I wouldn't expect delayed start to have an effect on a service restart. My understanding is that "delayed start" only affects service start order on boot, not the time delay between Stop-Service and Start-Service (when using Restart-Service).

jkirschner-hashicorp avatar Jul 29 '21 00:07 jkirschner-hashicorp

Yes, forgot to update. Workaround is pretty easy:

Restart-Service consul
Start-Sleep 5
Start-Service consul

Unfortunately, Server restart doesn't help.

P.S. About "Delayed Start", just mentioned in case of any proposals, and seems that I confuse people, sorry. Has been removed

ksandrmatveyev avatar Aug 01 '21 20:08 ksandrmatveyev

I'm glad you have a suitable workaround for now. Thanks for the update!

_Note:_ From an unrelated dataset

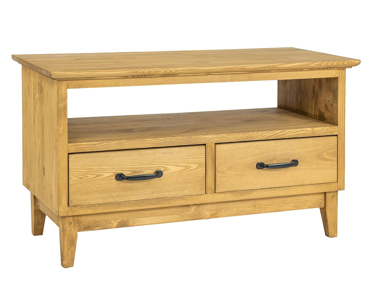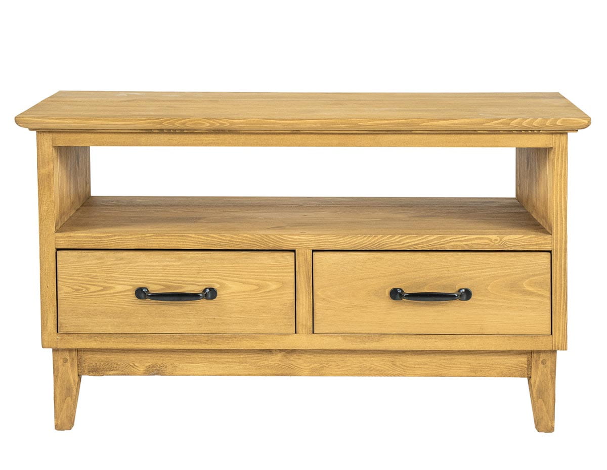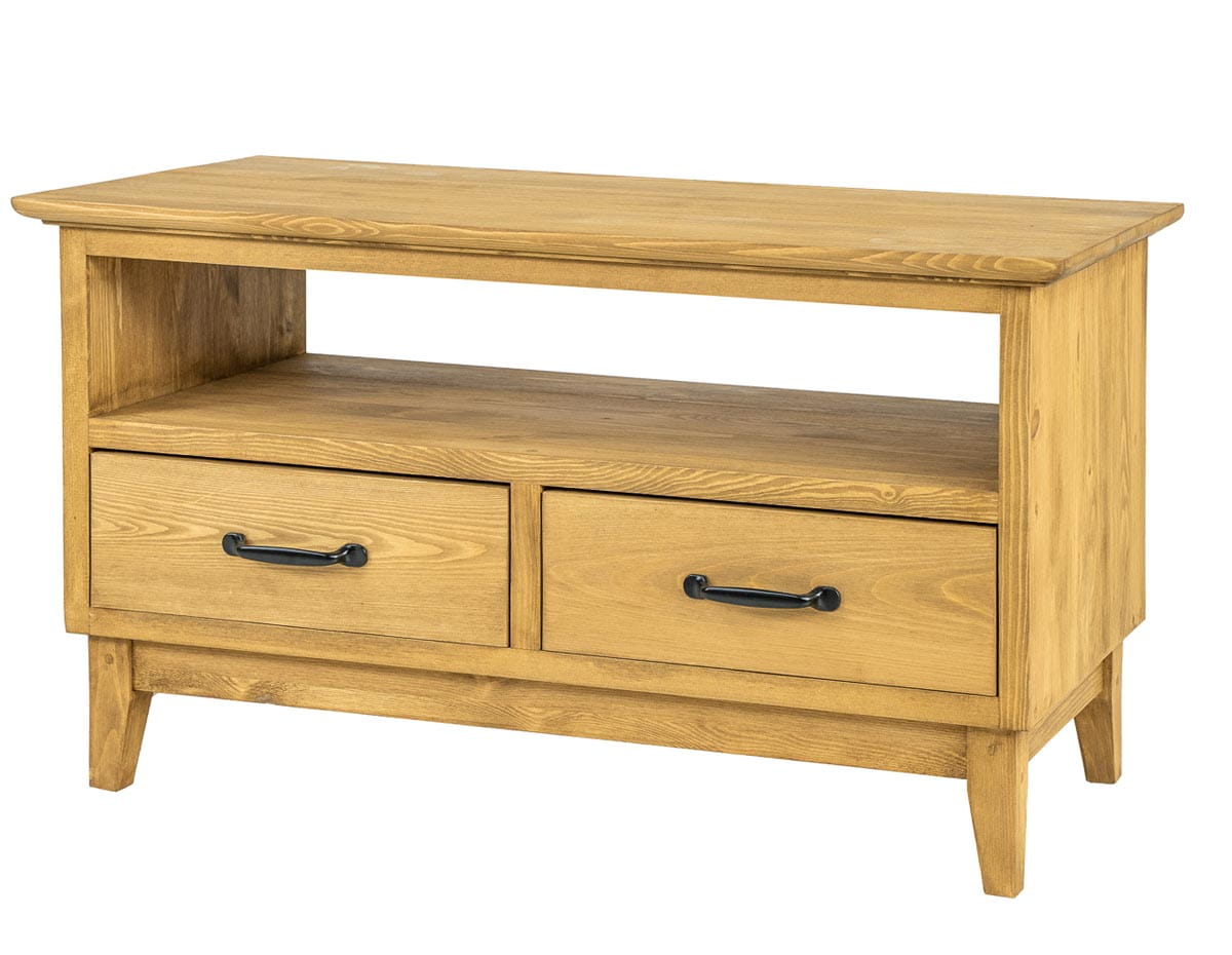 Woskowana szafka RTV pod telewizor RV707 zaprojektowana w stylu rustykalnym, wykonana w całości z litego drewna sosnowego. Szafka RTV sosnowa osadzona została na stożkowo ściętych nóżkach. Drewniany mebel posiada dwie wysuwane szufladki. Oprócz tego, bezpośrednio pod blatem znajduje się praktyczna wnęka na sprzęt rtv. Do produkcji wykorzystaliśmy ręcznie robione metalowe uchwyty. Szafka RV707 nada każdemu wnętrzu niepowtarzalny klimat, pełen ciepła i rodzinnej atmosfery.

jkirschner-hashicorp avatar Aug 04 '21 20:08 jkirschner-hashicorp

Hi, Are there any updates on this? @jkirschner-hashicorp image image

Error in Event Log:

Event 7034
The consul service terminated unexpectedly.  It has done this 2 time(s).
C:\Windows\system32>sc query consul

SERVICE_NAME: consul
        TYPE               : 10  WIN32_OWN_PROCESS
        STATE              : 4  RUNNING
                                (STOPPABLE, NOT_PAUSABLE, ACCEPTS_SHUTDOWN)
        WIN32_EXIT_CODE    : 0  (0x0)
        SERVICE_EXIT_CODE  : 0  (0x0)
        CHECKPOINT         : 0x0
        WAIT_HINT          : 0x0

I'm presuming that Consul service is trying to start while it is not stopped completely.

ksandrmatveyev avatar Nov 16 '22 15:11 ksandrmatveyev

Apparently this is still an issue with Consul v1.19

SDedik avatar Mar 07 '25 05:03 SDedik